I’m back! Phew – bit of a wipe-out there for a week.
The curious thing about illness, I feel, is that it seems so often to coincide with an inner need for change. I noticed when I went from life coach to public workshop leader in 2002, I got ill. When Guy left the company he’d been working for for 18 years and became independant, he fell sick. Rudolf Steiner talks of illness and fever as the means by which we can ‘melt away’ an old way of being and bring in the new.
So, on the other side of this threshold I am seeing things differently. I realise I got a bit too caught up in my work with Future Self Now to be able to see anything else. I had got it into my head, I think, that there was only one way to my goals and if I could just find out where that elusive road lay, I’d be sorted.
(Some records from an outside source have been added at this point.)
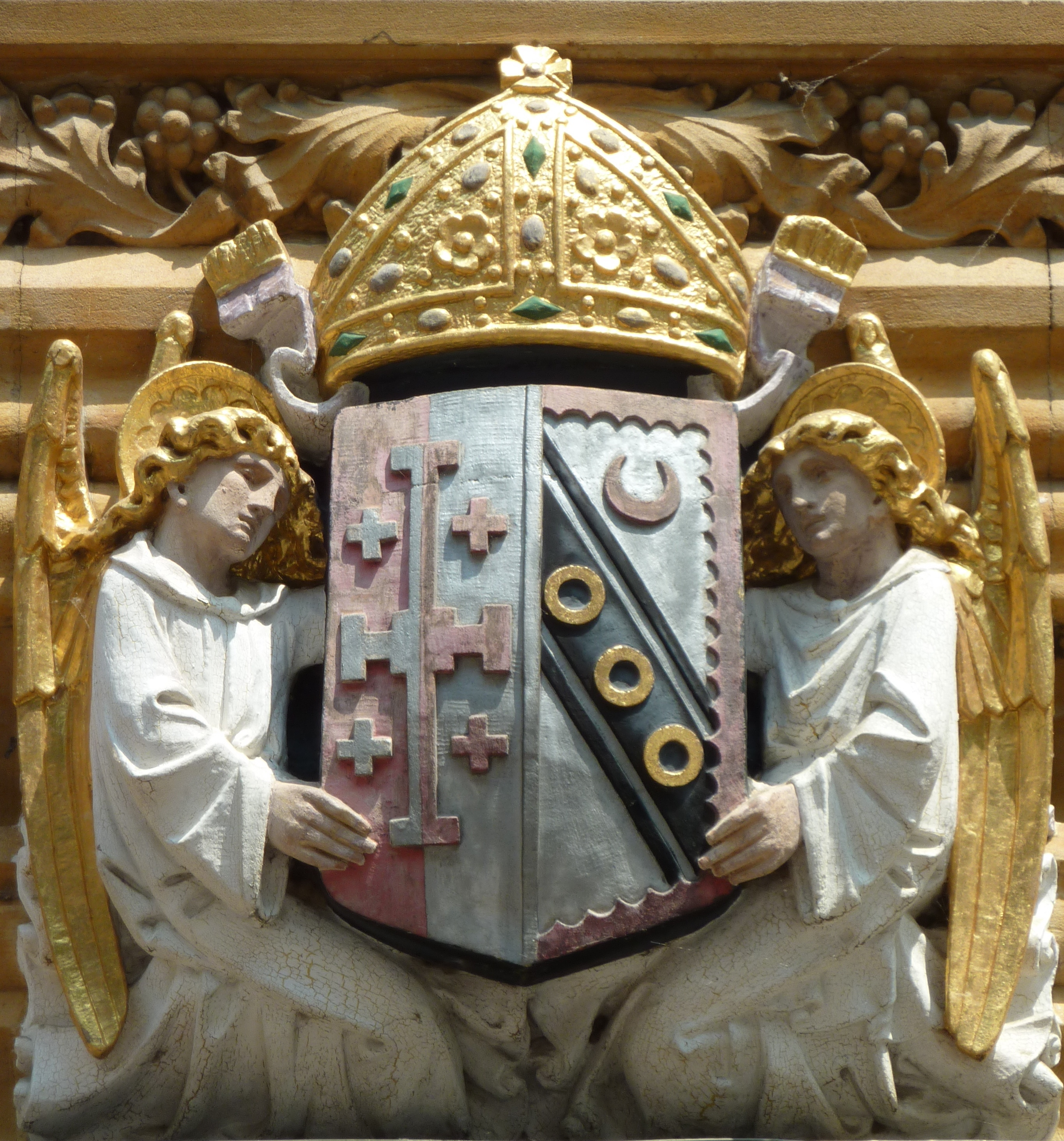 Selwyn College Heraldic Coat of Arms over Main Gate.jpg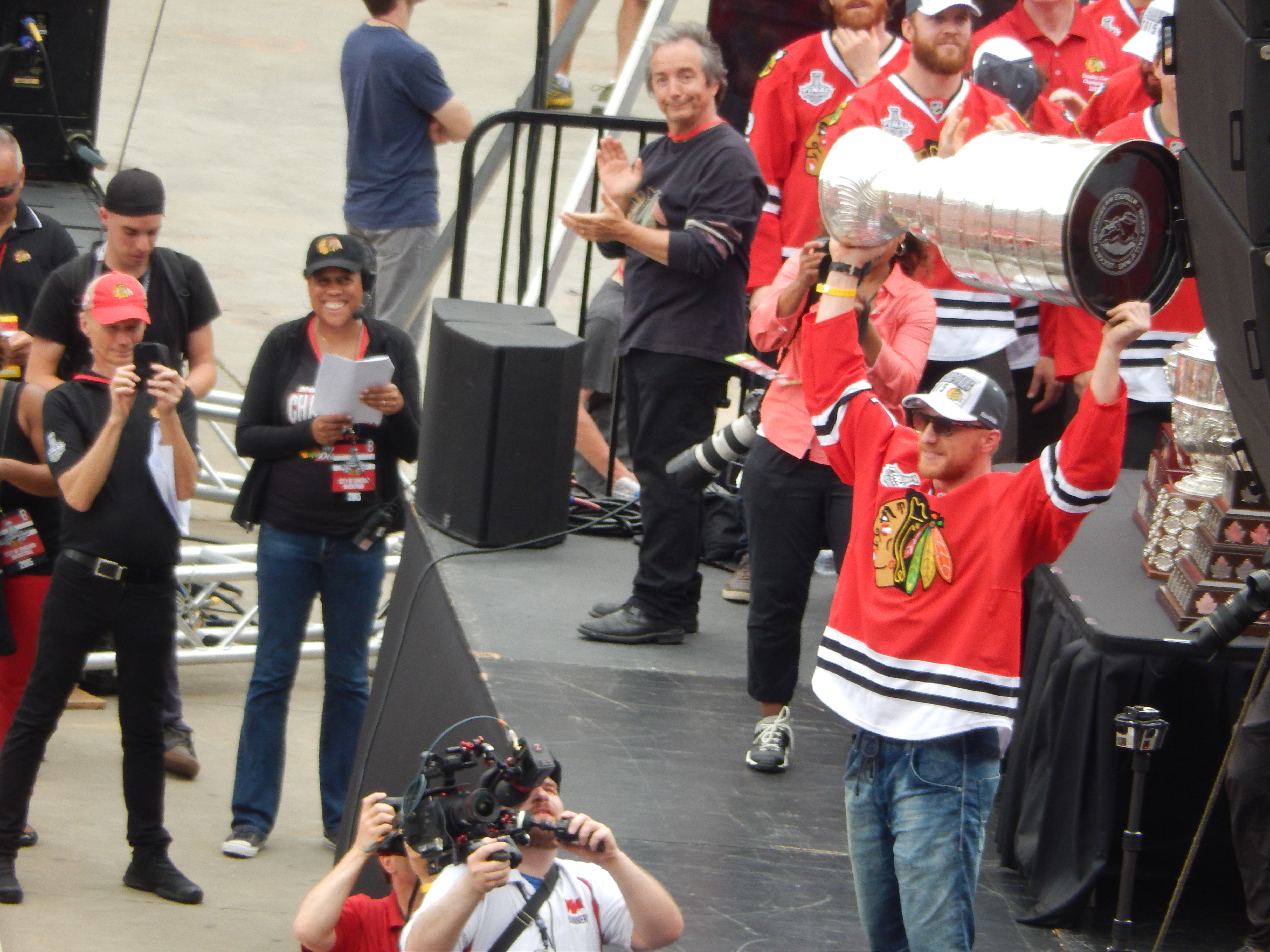 Chicago Blackhawks winger Marian Hossa lifts the Stanley Cup before a crowd of fans.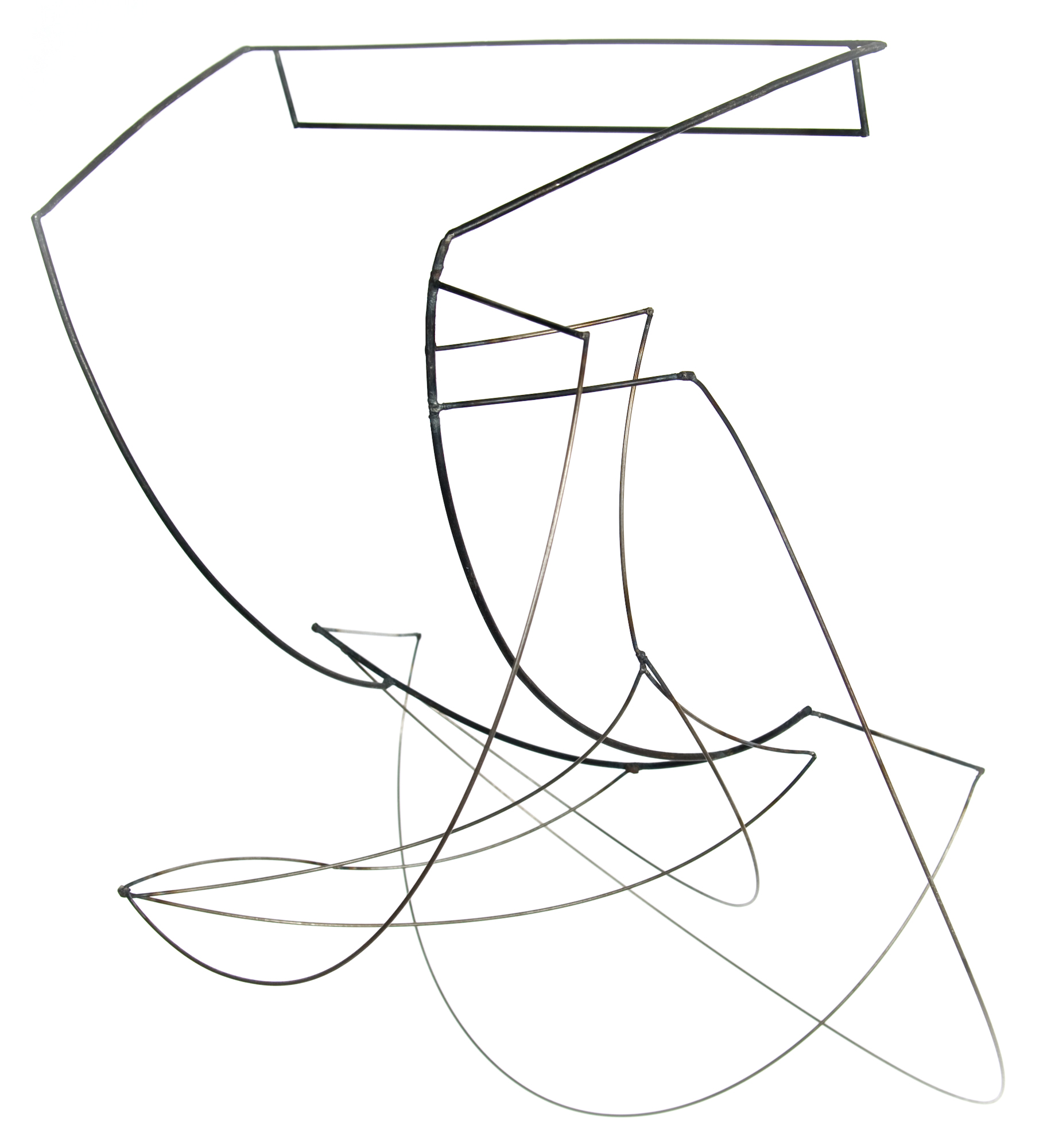 Steel Necklace by Kadi Kübarsepp made 2011.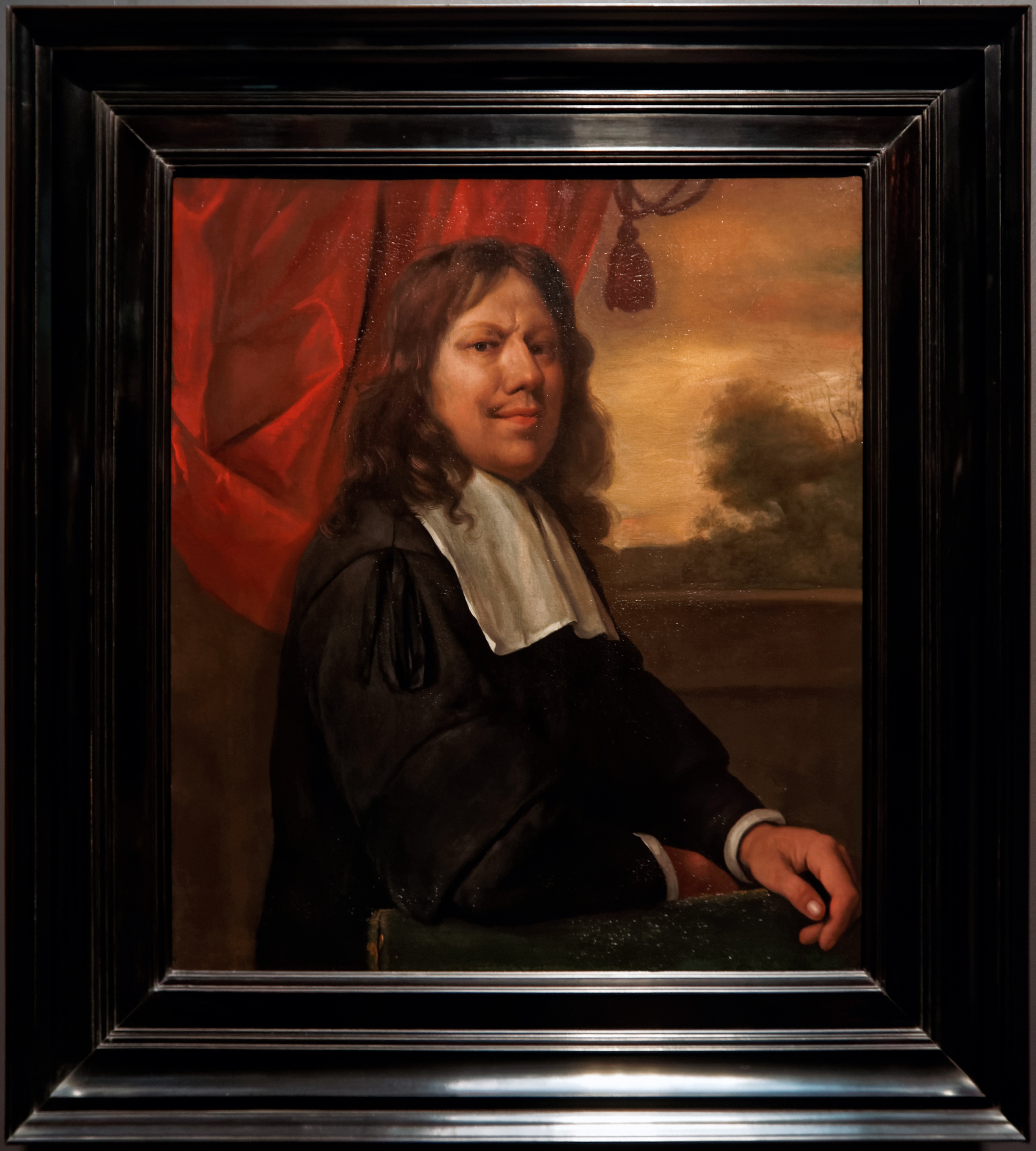 Jan Steen portrayed himself as a self-assured artist, in decorous black, seated against a red curtain and tassel. With this type of self-portrait Steen followed the example of famous artists such as Titian and Rembrandt. The portrait is an exception in his oeuvre. He usually included himself in other paintings, in a comic role.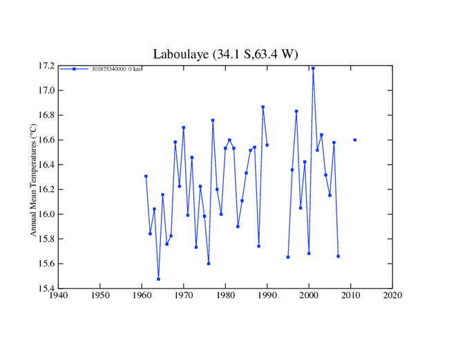 Climate graph of 1961 2012 air average temperaturas at Airport of Laboulaye, Córdoba province, Argentina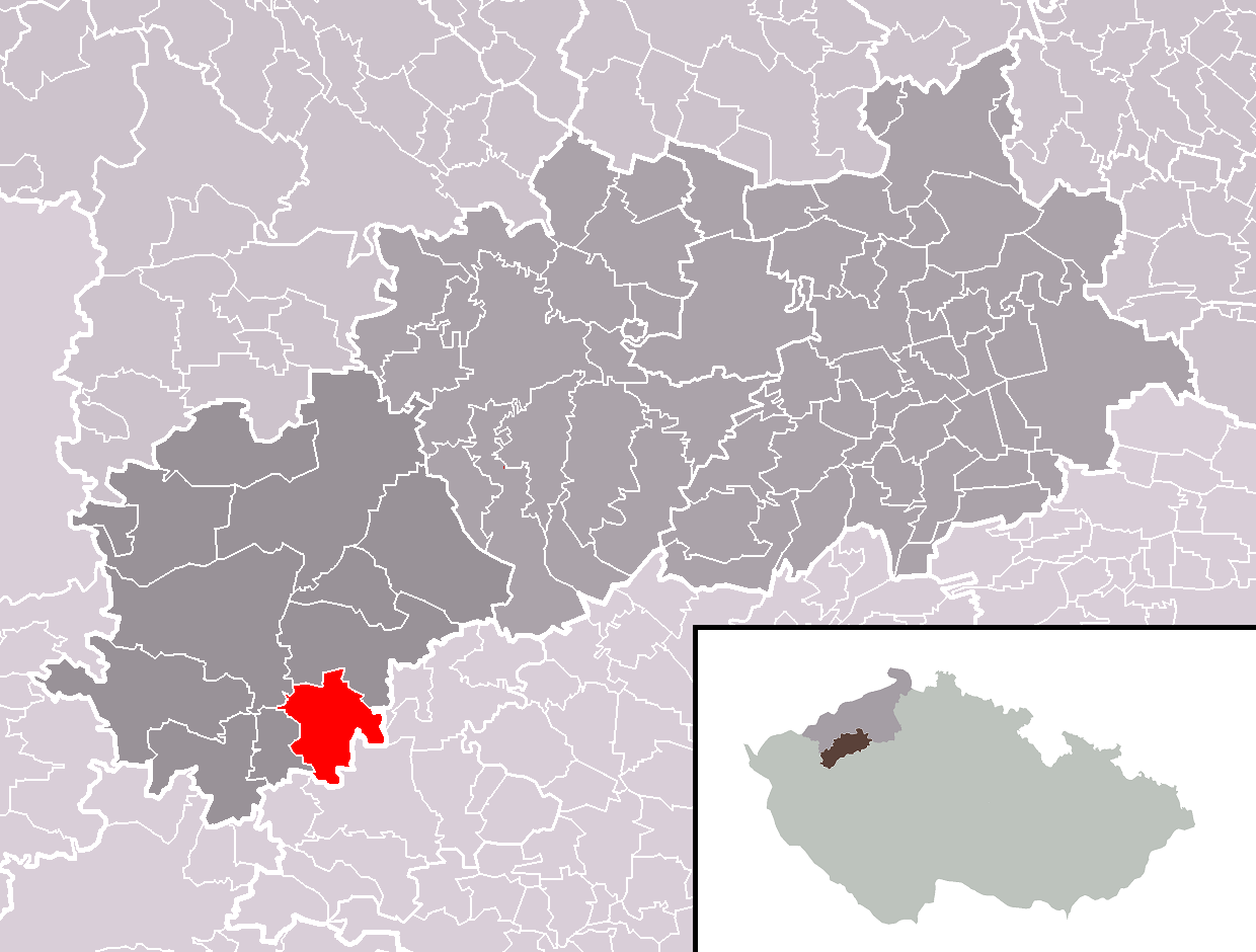 Location of Petrohrad municipality within Louny District and administrative area of Žatec as a Municipality with Extended Competence.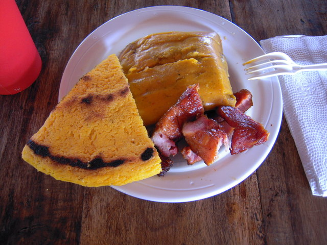 changa

But of course LIFE IS NOT LINEAR. I see now that there are a thousand different ways to my Future Self and many of them may look counter-clockwise. That’s good. The unexpected, the tangental, is what keeps me on an edge – the creativity flowing – and not getting stuck in stale expectations
So, life will not look the same from now on. I want to be alert to creating new habits, shedding old prejudices. Hoorah, I say! I am going to dip my finger in more pies and see what comes out. The plum, (the reward), I’m certain, will be new energy, new ideas and new beginnings.